解析网址从一个HTML页面 [英] Parse URLs out of a HTML page

查看:202
本文介绍了解析网址从一个HTML页面的处理方法,对大家解决问题具有一定的参考价值,需要的朋友们下面随着小编来一起学习吧!

问题描述

我有一个包含通过 WinHtt preadData 下载HTML页面的字符串。该字符串是一个简单的的char * 。结果
我一直在试图找出一种方法,只提取URL的是该网页上。给你举个例子,假设你的字WinHTTP的搜索谷歌,你是一个HTML页面充满链接psented $ P $。现在我需要检查每一个环节,提取并保存到一个文件中。
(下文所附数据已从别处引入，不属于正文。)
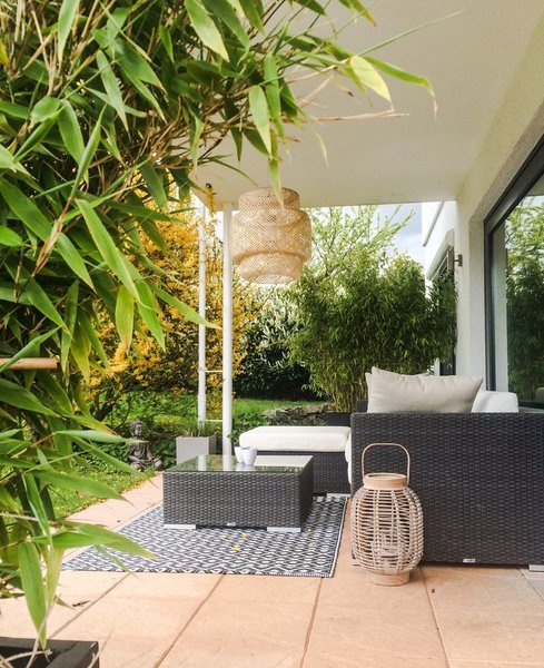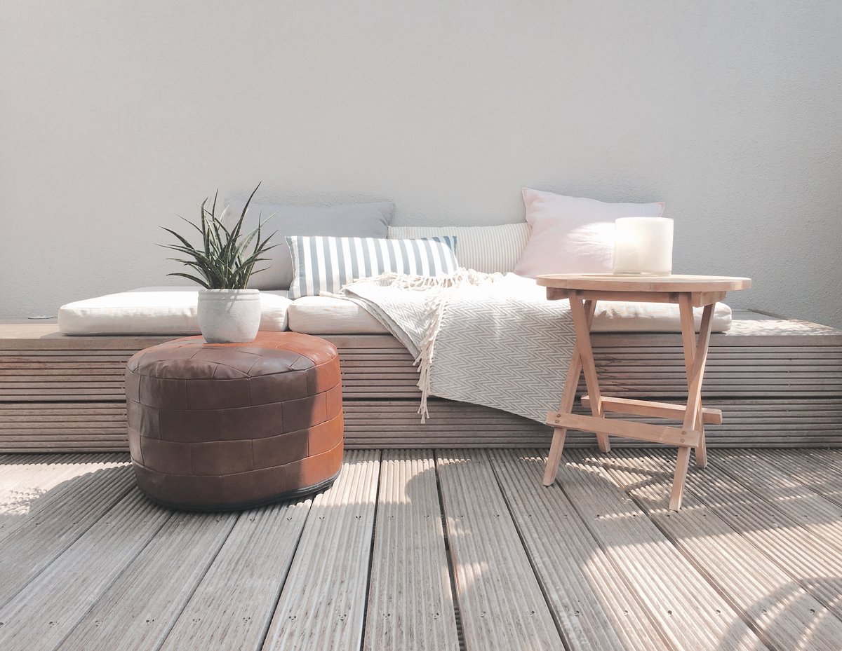 schimmel dekoriert ihre Terrasse sommerlich leicht mit schönem Lederpouf

I have a string containing an HTML page downloaded via WinHttpReadData. The string is a simple char*.
I've been trying to figure a way to extract only the URL's that are on that page. To give you an example, imagine you are searching google for the word WinHTTP and you are presented with an HTML page full of links. I need now to check each link, extract it and save it to a file.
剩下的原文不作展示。